WORK TO BE COMPLETED –
Your answer must restate the listing below word for word and contain no images.

GIVEN MATERIAL –
=== Section Start ===
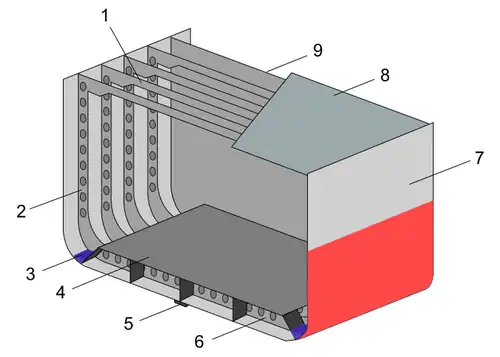 - Linha reta do vau - é a linha reta que une as interseções da face superior de cada vau com as faces exteriores da caverna correspondente;
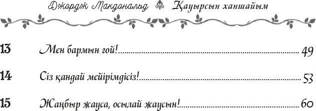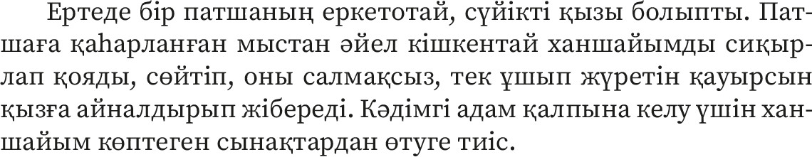 В данный момент этот товар отсутствует в продаже. Возможно, у нас найдется аналогичный или похожий товар здесь. Ертеде бір патшаның еркетотай, сүйікті қызы болыпты. Патшаға қаһарланған мыстан әйел кішкентай ханшайымды сиқырлап қояды, сөйтіп оны салмақсыз, тек ұшып жүретін қауырсын қызға айналдырып жібереді. Кәдімгі адам қалпына келу үшін ханшайым көптеген сынақтардан өтуі тиіс. |
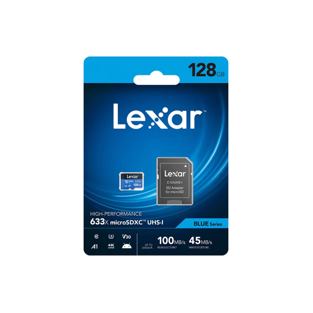 Lexar® High-Performance microSDXC 128GB 633x Blue Series – Clase A1/UHS-I | Alta Velocidad para Full HD y 4K
=== Section End ===
TASK OUTPUT –
 - Linha reta do vau - é a linha reta que une as interseções da face superior de cada vau com as faces exteriores da caverna correspondente;
 В данный момент этот товар отсутствует в продаже. Возможно, у нас найдется аналогичный или похожий товар здесь. Ертеде бір патшаның еркетотай, сүйікті қызы болыпты. Патшаға қаһарланған мыстан әйел кішкентай ханшайымды сиқырлап қояды, сөйтіп оны салмақсыз, тек ұшып жүретін қауырсын қызға айналдырып жібереді. Кәдімгі адам қалпына келу үшін ханшайым көптеген сынақтардан өтуі тиіс. |
 Lexar® High-Performance microSDXC 128GB 633x Blue Series – Clase A1/UHS-I | Alta Velocidad para Full HD y 4K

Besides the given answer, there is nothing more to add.